Discussing his views on directing for Starfleet Academy, Frakes stated, it was literally the biggest Star Trek set ever, and so that was a pretty daunting and funny way to shoot. It was also peppered with enormous movie stars, which we'd never had before, and some wonderful new actors who had barely been on screen. By the time I got to them in Episode 9, I benefited from all the many thousands of hours they had spent working together, finding themselves, finding their rhythms, and finding their music. Star Trek: Starfleet Academy was already a well-oiled machine." He also felt that Tatiana Maslany's Anisha was the episode's "secret weapon" due to her return, having last appeared in the pilot, and how he "embraced" the close-up shots used by Alex Kurtzman in that episode to reflect the emotions and intimacy between Anisha and Caleb during their reunion.

== Release ==
"300th Night" was released on March 5, 2026, on Paramount+.

== Reception ==
The episode received a positive reception from critics. Keith DiCandido of Reactor stated that, "this episode of Starfleet Academy (and the next one, as this one ends on a cliffhanger leading to next week’s season finale) is exactly the kind of episode I didn’t want to see in a show about the Academy, so imagine my surprise to have completely and unreservedly loved the episode all to pieces. Kudos to scripter (and, full disclosure, friend of your humble reviewer) Kirsten Beyer and director Jonathan Frakes for pulling it off." He felt that the episode "builds very skillfully on what’s already been established about the characters in general and about Caleb and Ake in particular", and praised the scenes between Caleb and SAM as "absolutely magnificent" as well as the George Hawkins' comedic performance as a drunken Darem. He lauded the reunion between Caleb and Anisha, particularly Maslany's performance, writing, "the reunion scene is magnificently played by the always-brilliant Tatiana Maslany and director Frakes. Both Anisha and Caleb are wearing masks over the bottoms of their faces, as well as hoods. So we only see Anisha’s eyes, but that’s more than enough for Maslany to show Anisha going from anger at the person she thinks is stalking her to the slow realization that this is her son—all with just her eyes. Maslany proved on Orphan Black that she is one of the best actors in the history of humanity, and scenes like this serve as additional reminders."

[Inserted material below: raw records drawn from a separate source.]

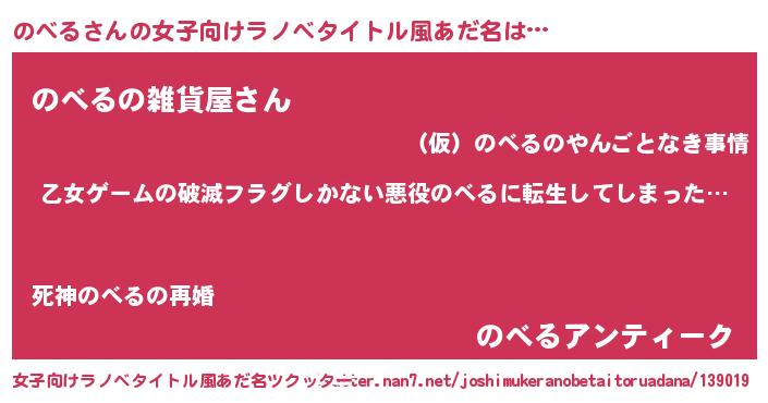 | ファンタジー風あだ名 | 『ヴァルノベーナ』『エターナルノベルー』 |
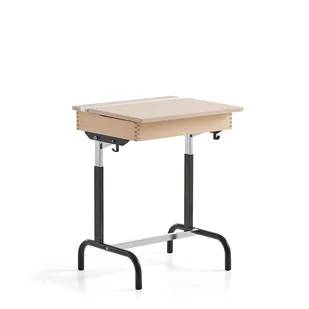 Ławka szkolna z ręczną regulacją wysokości. Blat posiada dźwiękochłonną powierzchnię. Klasyczna ławka szkolna o nowoczesnym designie. Sprawdzi się w trudnych warunkach szkolnych. Elastyczna rama pozwala łatwo dostosować ławkę do krzesła i użytkownika.
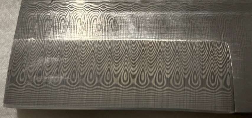RWL34 is the “bright” layer and PMC27 is the “dark” layer in the micrograph above. Because Damasteel is constructured with layering of powder, there can be somewhat diffuse transitions between the two steels, which on a small scale are not as sharp as in pattern-welded Damascus made with solid sheet steels. This does not appear to have any deleterious effect on the “macro” pattern observed in the final material.
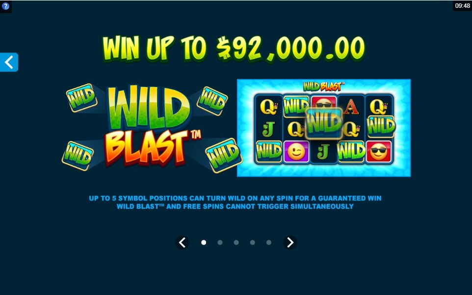 Wild Blast can be activated only randomly and only during the regular slot’s game. Up to five symbol positions will be transformed. (A note: Except Wild and Scatter.)
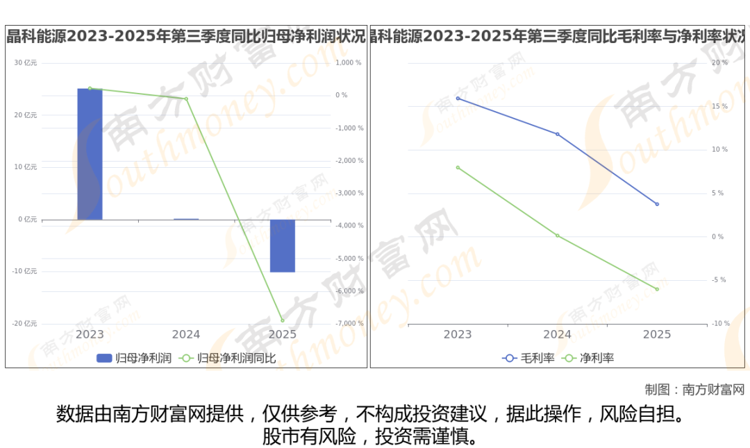 晶科能源2025年第三季度季报显示,公司实现净利润-10.12亿,同比增长-6900.55%;毛利润为6.07亿,毛利率3.76%。

Giving the episode an "A" rating, Daniel Bibby of Winter Is Coming wrote, "'300th Night' pays off many of the show's original storylines in a way that no one could have predicted. After an uneven season that featured a couple of dud episodes, "300th Night" is further evidence that Starfleet Academy is far better than the haters are saying." He felt the use of the ensemble cast was unbalanced, criticising how Jay-Den and Tarima were "given very little to do", but praised the development of Caleb's character and his reunion with Anisha, as well as Kerrice Brook's performance as SAM following her upgrade in the previous episode.

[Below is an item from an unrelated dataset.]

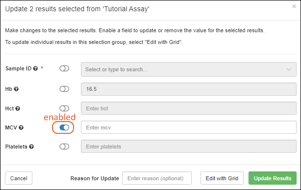 An editing popup will let you select which field or fields you want to batch update. By default, all fields are disabled; enabling a field using the toggle will let you enter a value to assign for that field in all rows. Shown here, the MCV field will be updated with a shared value, but all other fields left unchanged.
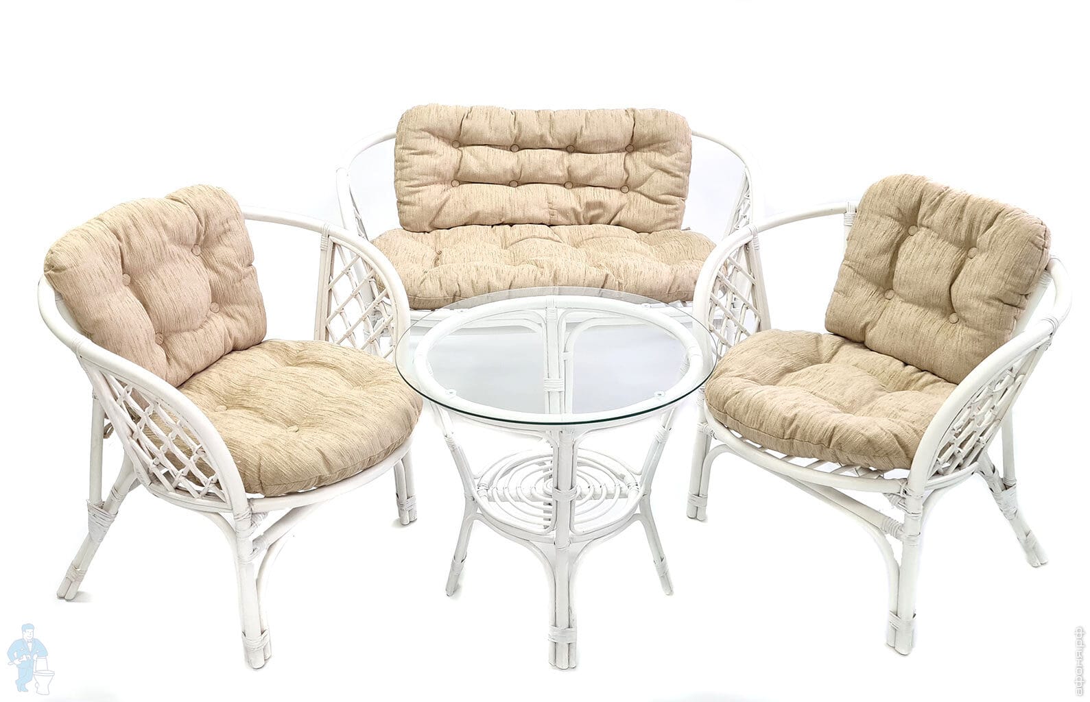 Комплект мебели Багама (120х65х75) диван+2кресла+стол, подушки светлые обычные шенил, белый матовый

Lacy Baugher of Den of Geek gave the episode three and a half stars out of five. She praised the scenes between Caleb and Anisha, writing, "it is, admittedly, wildly convenient that Caleb manages to stumble upon his mother within roughly 120 seconds of beaming into Ukek’s run-down space market, but their reunion is very moving, even if it comes complete with some uncomfortable undertones" and Hunter's performance as Ake, noting that, "I wish this show were more interested in exploring some of the psychological issues Braka called her out on when it comes to her relationship with [Caleb], but Holly Hunter plays a determined avenging angel well, and Ake’s insistence that she keep the promises made to protect these kids is perfectly in keeping with the woman we’ve come to know her as." She concluded by writing that there is "a lot of ground for the season’s final episode to cover, but at this point, Starfleet Academy’s earned a certain degree of trust that the show will manage to pull it off."